Current approaches inadequate for assessing future longevity: robust, predictive approaches using forward-looking scenarios are needed, says Swiss Re report
01 September 2011, Zurich
The substantial increases in life expectancy witnessed in recent decades have been consistently underestimated, a new Swiss Re research report reveals. The good news that people are living longer has brought with it a massive pension shortfall, which has been exacerbated by traditional methods of forecasting longevity not taking account of certain emerging trends.
"The failure to consider future drivers of mortality in historical predictions contributed to employer pension funds under-reserving for longevity risk and other bodies, including governments, not budgeting effectively for funding an ageing population," explains Daniel Ryan, head of life and health research and development at Swiss Re.
An essential element of managing longevity risk will be the development of robust, predictive approaches, states Swiss Re's latest publication, "A window into the future: Understanding and predicting longevity." Such approaches would use forward-looking scenarios based on social factors, medical treatments and preventative approaches that influence disease.
The report presents the building blocks for this type of disease-centred model and calls on experts from multi-disciplinary backgrounds – including medical experts, actuaries and demographers – to work together towards a greater understanding of potential future developments in human longevity.

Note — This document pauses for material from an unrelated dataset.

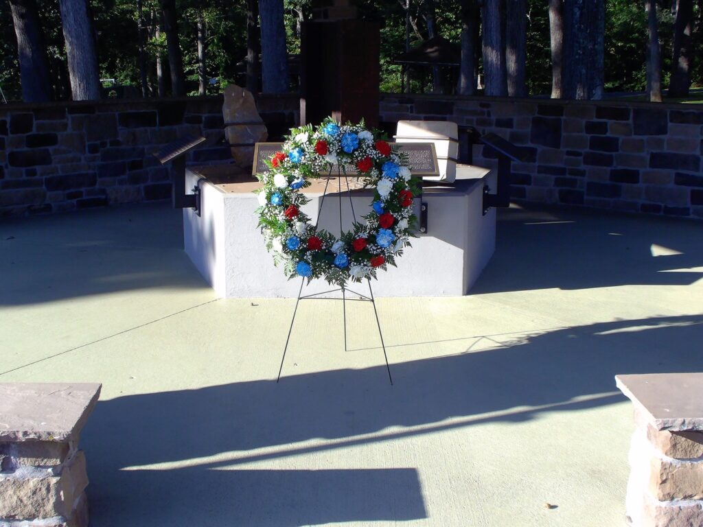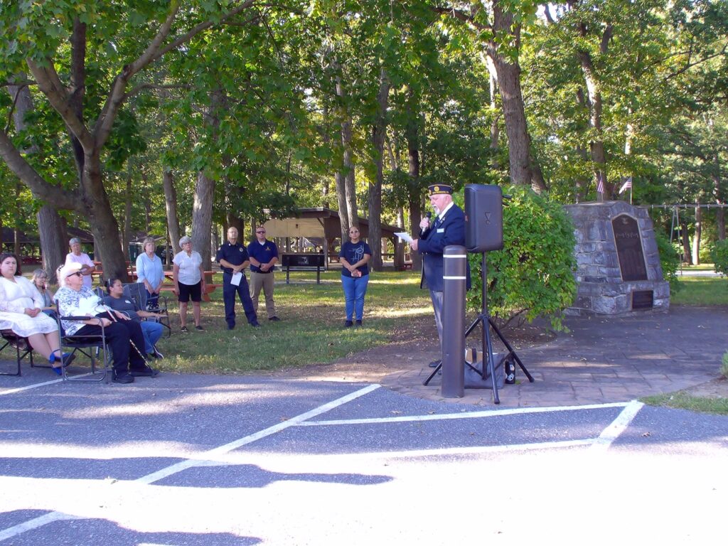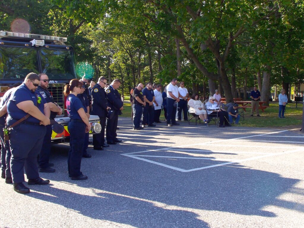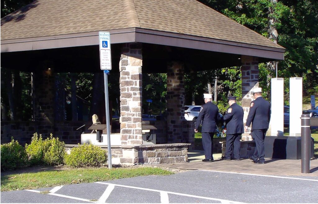 From there, members of the Blue Ridge Fire & Rescue Company #4, the Waynesboro Volunteer Fire Department Company #2 and the Raven Rock Emergency Service led the ceremony of setting the wreath in front of the 9/11 Memorial located under the pavilion at the entrance to the park. Then a prayer was led by Mike Bock, followed by a moment of silence.
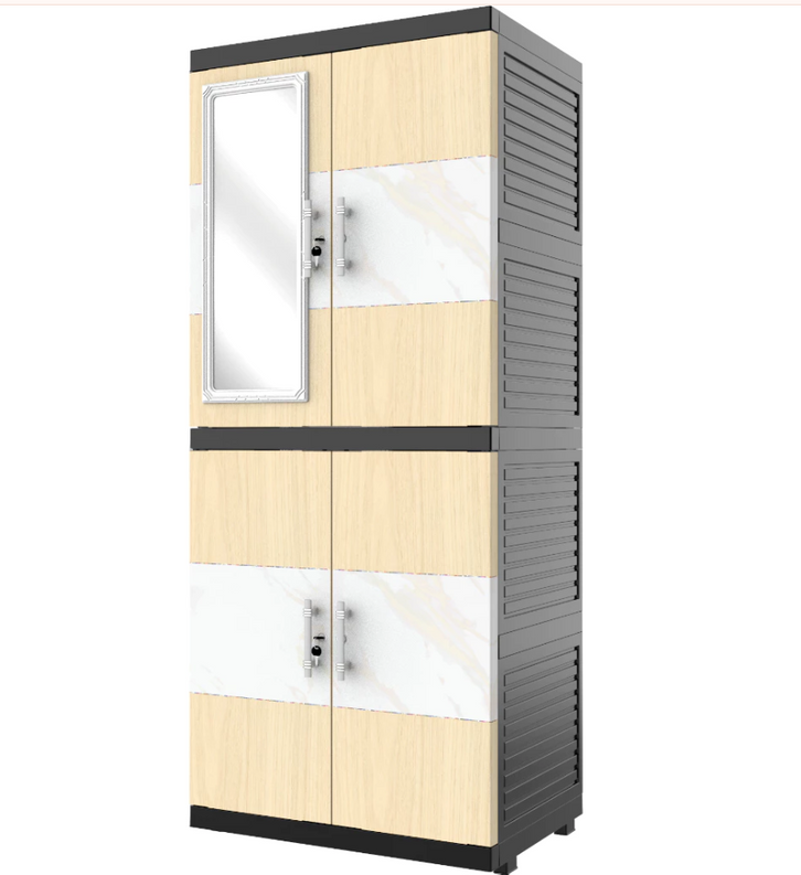 JUMBO LEMARI PAKAIAN PLASTIK NAIBA MSC FIT CERMIN SUSUN 4 MODERN - FULL KUNCI

The report recommends that pension plans assess their exposure to longevity risk and decide whether to pass it on to a third party that is better equipped to take on the risk. It also suggests that insurers can work in partnership with reinsurers to develop robust approaches to mitigating longevity risk.
"An improved approach to assessing future longevity is one of the essential components in creating an overall solution to the financial effects of ageing societies. It is only through public and private bodies working together that the wider issue of a sustainable infrastructure for long-term retirement provision can be created. Reinsurers with appropriate capacity, who invest in longevity research and development, can play an important role in helping defined benefit pension funds and insurers manage their longevity risk," comments Alison Martin, Swiss Re's head of life and health products.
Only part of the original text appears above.